There are thirty-seven licensed recreational cannabis vendors in Illinois. According to nonprofit organization IllinoisPolicy.com, “Beginning in mid-2020, Illinois will grant additional licenses to dozens of new stores, processors, cultivators, and transporters.”

The state will beginning granting new licenses in May, said the Chicago Tribune, and officials already have selected the first round of seventy-five licensees from more than seven hundred applications.

Illinois residents are allowed to possess up to thirty grams of cannabis (a little over an ounce), up to five grams of cannabis concentrate, and are limited to a total of five hundred milligrams of THC, for edibles and other products. Visitors to Illinois are permitted to have half of those amounts, per product category, for personal consumption.

Prior to legalization, Illinois Governor J.B. Pritzker issued more than 11,000 pardons for cannabis offenses as a New Year’s Eve nod of support for legal cannabis legislation, as well as to to address “the 50-year-long war on cannabis,” Pritzker said in a statement.
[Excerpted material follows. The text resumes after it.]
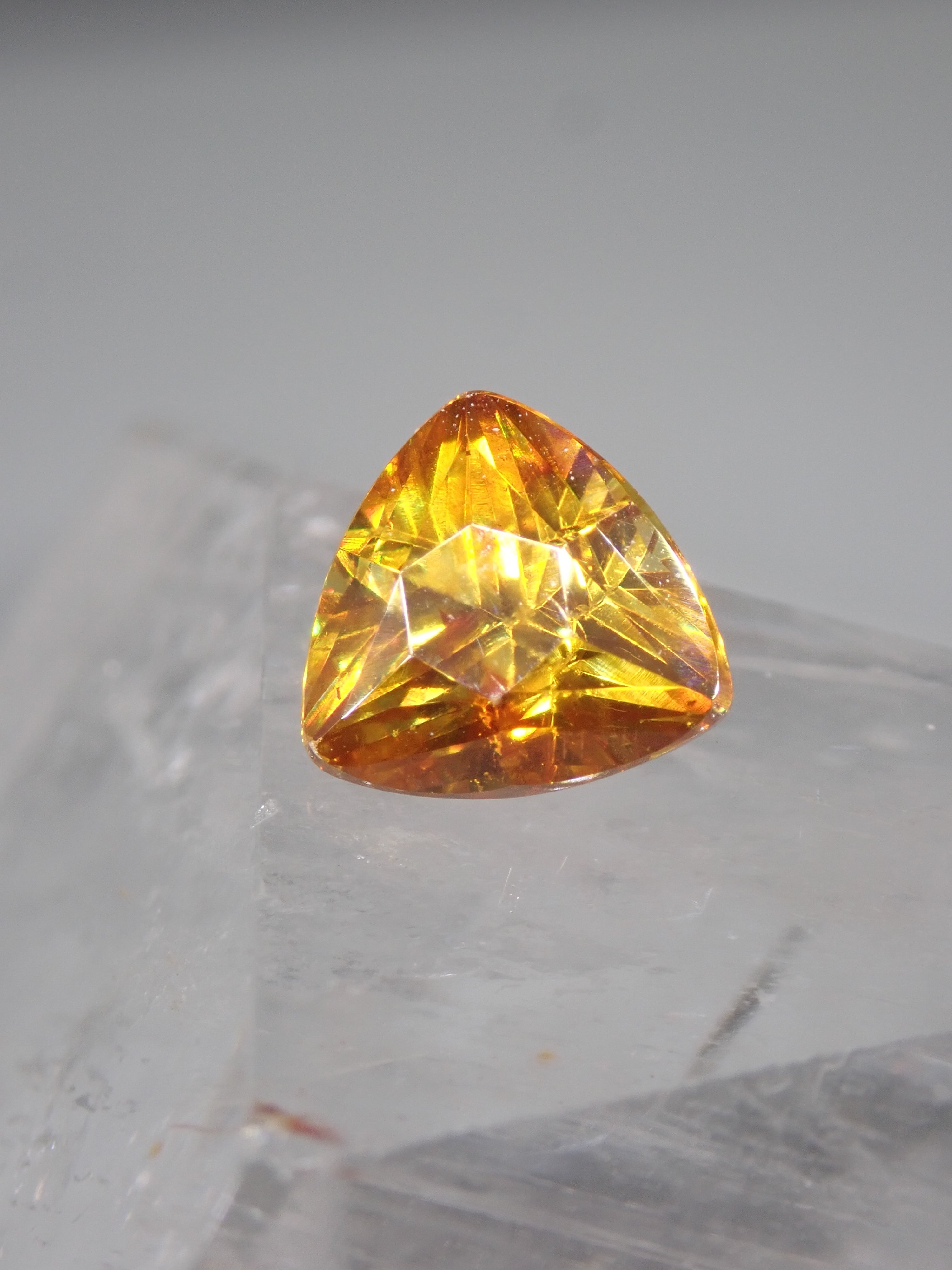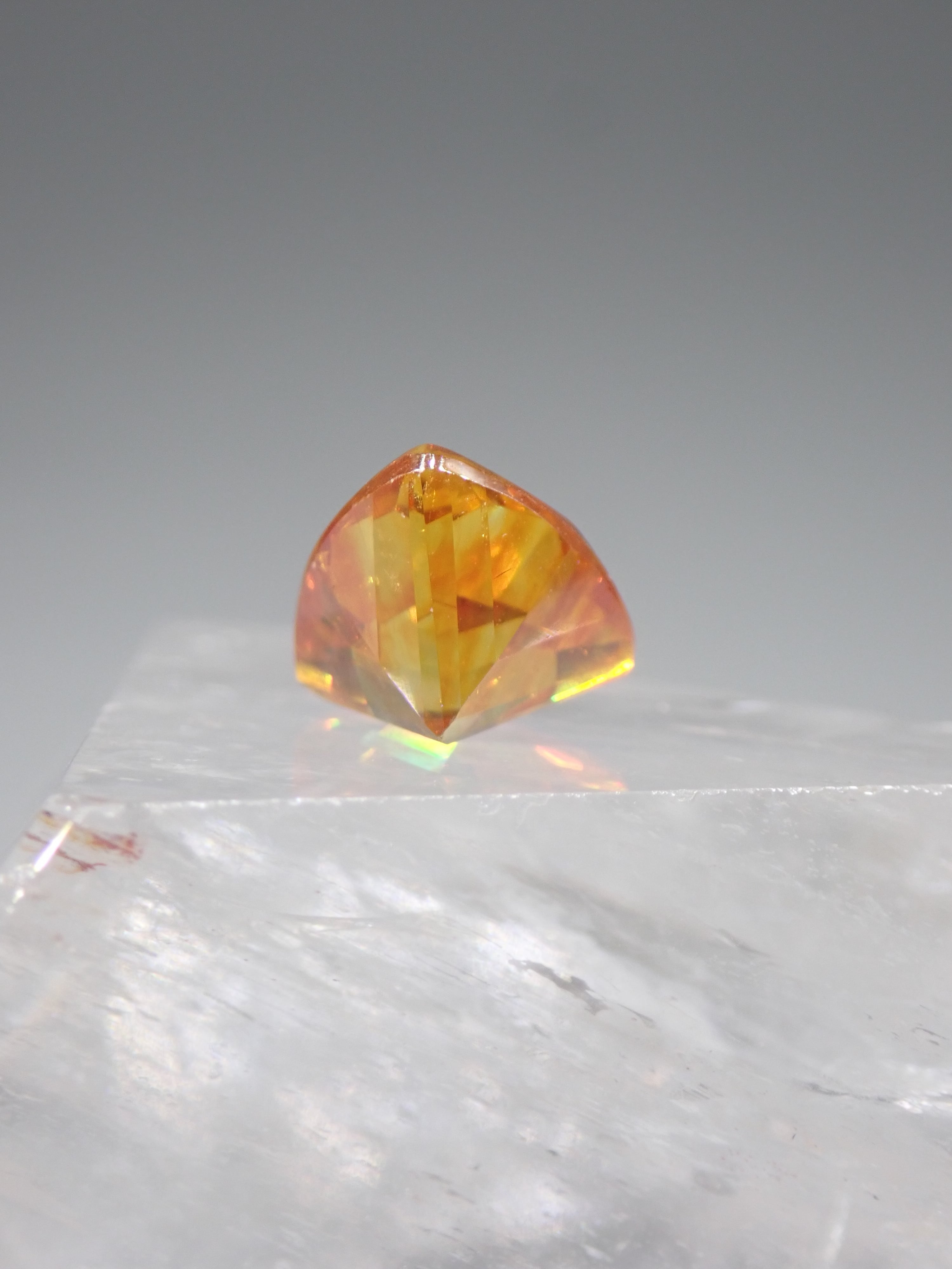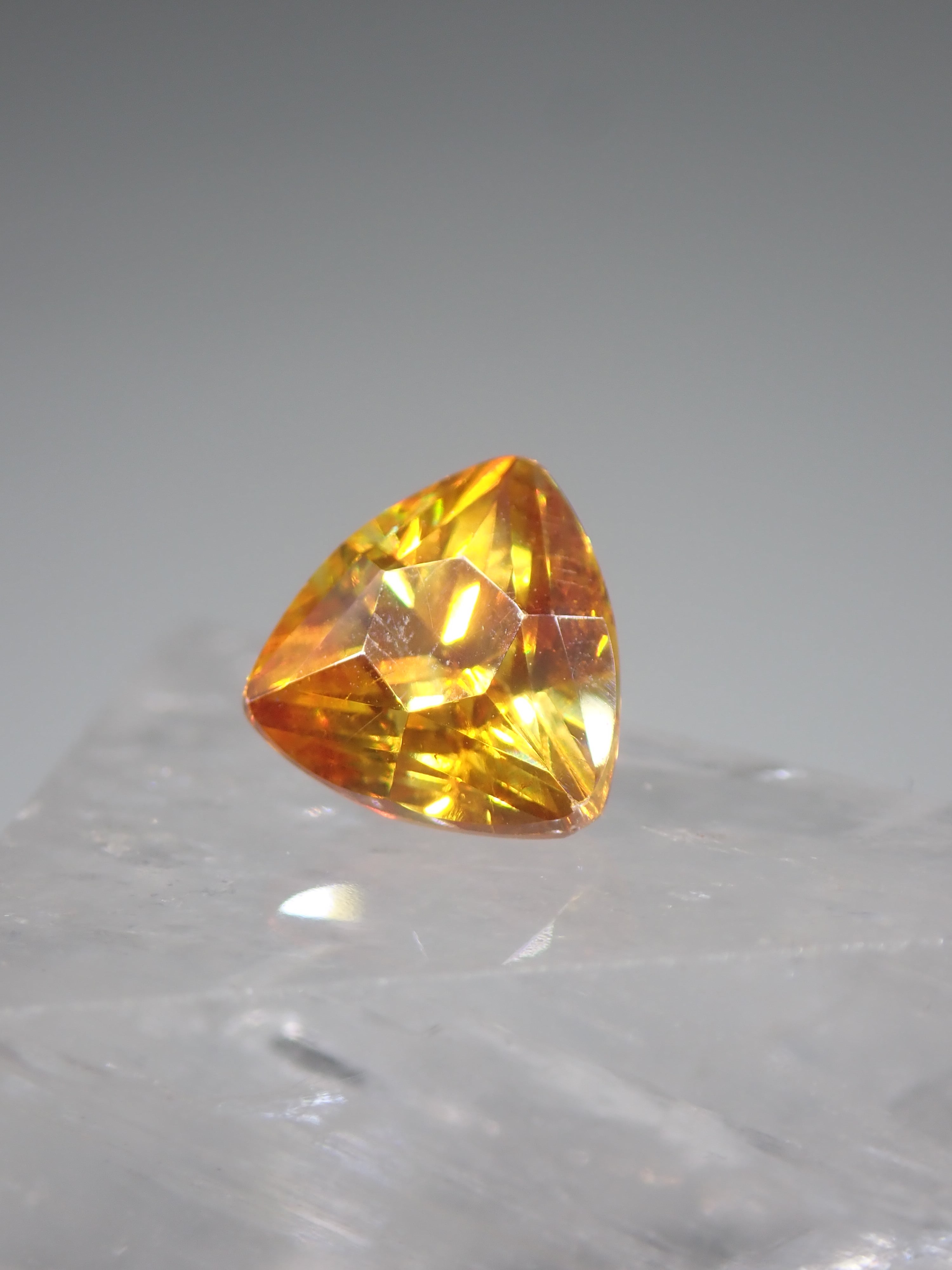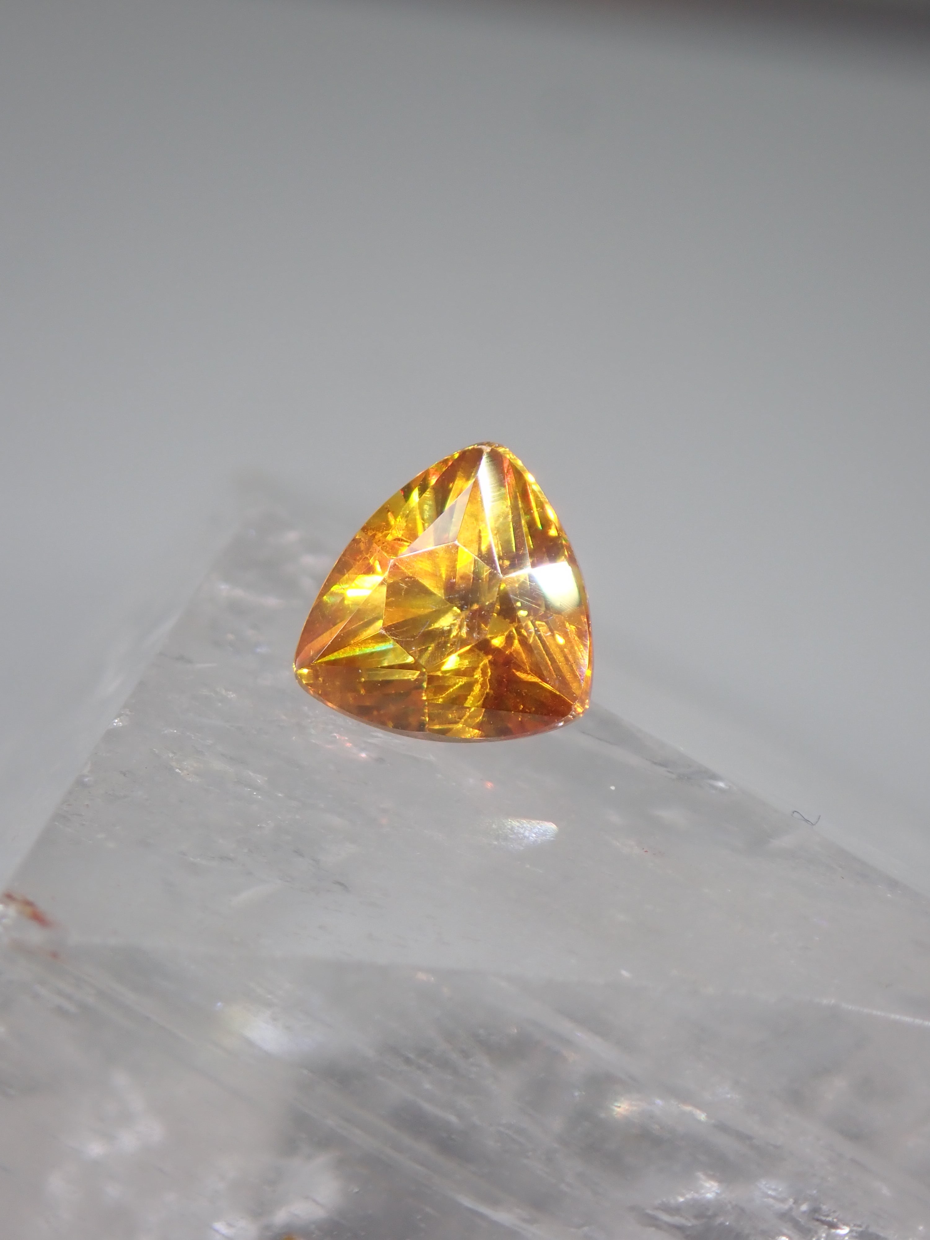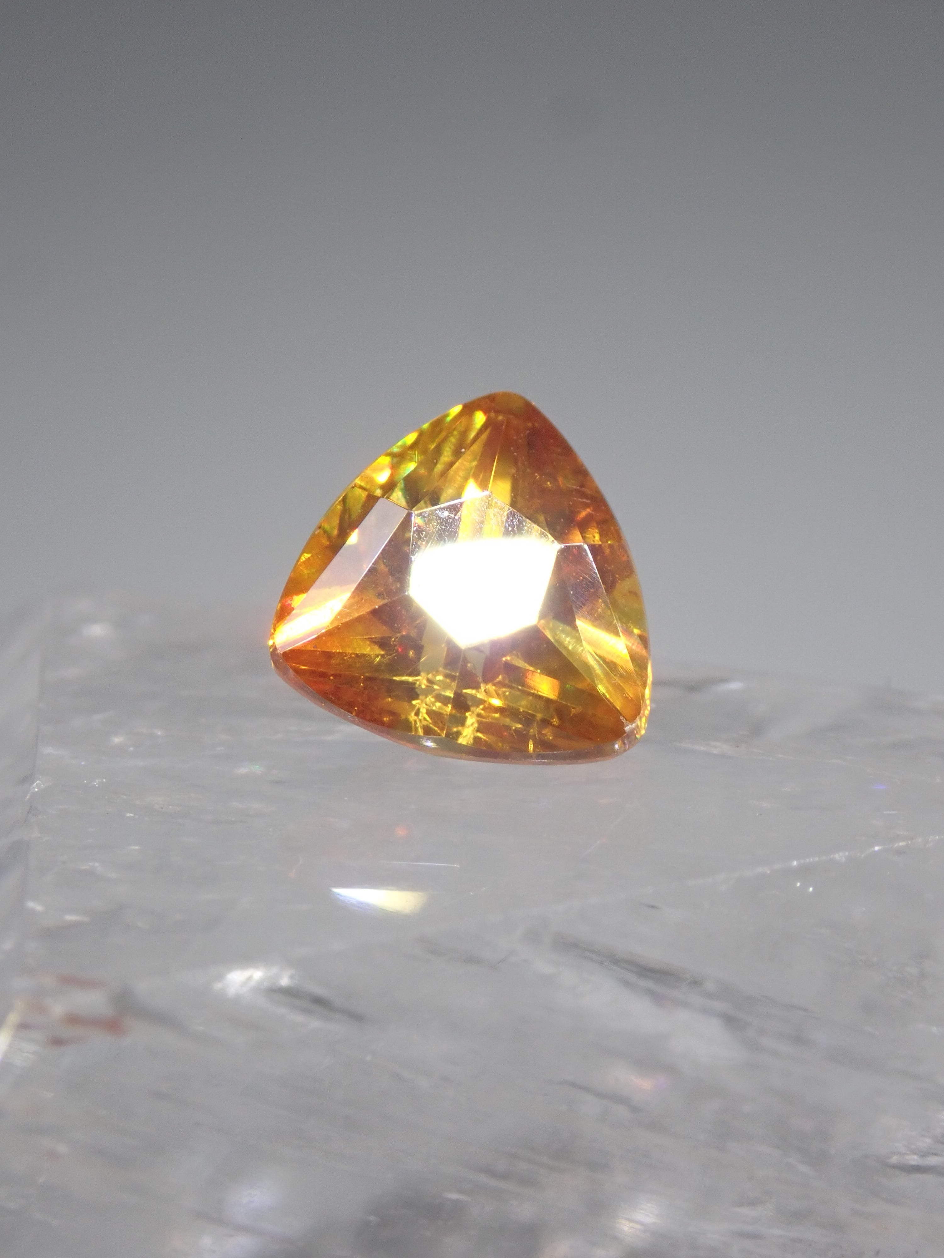 スファレライトらしく、とても強い輝きを放ちます。ファイアが鮮烈で明るいイエローやオレンジ、ライトグリーンを観察できます。

“Tomorrow when adult-use cannabis becomes legal, pay attention to the fact that we are beginning to accomplish four very important things: We are ending the 50-year-long war on cannabis. We are restoring rights to many tens of thousands of Illinoisans. We are bringing regulation and safety to a previously unsafe and illegal market. And we are creating a new industry that puts equity at its very core,” he said further.